**Given information:**
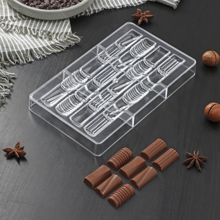 Форма для конфет и шоколада «Фигурный батончик», 20×12×2,5 см, 20 ячеек 3,3×1,6×0,8 см, цвет прозрачный
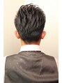 サイドをツーブロックに、バックも短く刈り上げ、全体にニュアンスパーマをかけて七三、無造作に動きをつけます!オールバックにかきあげワイルドに!ビジネスシーンでも好感度アップ!束感ショート、マッシュ、トラッドなんでもご相談下さい!アシンメトリー
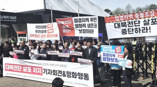 지난 4월 23일 오전 경기도 파주시 임진각에서 파주지역 시민단체 ‘평화위기파주비상행동’이 기자회견을 열고 납북자가족모임의 대북전단 살포 시도를 규탄하고 있다. 전익진 기자 |

**Instructions to follow:** Nothing but the pictures should be left out when the material above is copied.

**Your solution:**
 Форма для конфет и шоколада «Фигурный батончик», 20×12×2,5 см, 20 ячеек 3,3×1,6×0,8 см, цвет прозрачный
 サイドをツーブロックに、バックも短く刈り上げ、全体にニュアンスパーマをかけて七三、無造作に動きをつけます!オールバックにかきあげワイルドに!ビジネスシーンでも好感度アップ!束感ショート、マッシュ、トラッドなんでもご相談下さい!アシンメトリー
 지난 4월 23일 오전 경기도 파주시 임진각에서 파주지역 시민단체 ‘평화위기파주비상행동’이 기자회견을 열고 납북자가족모임의 대북전단 살포 시도를 규탄하고 있다. 전익진 기자 |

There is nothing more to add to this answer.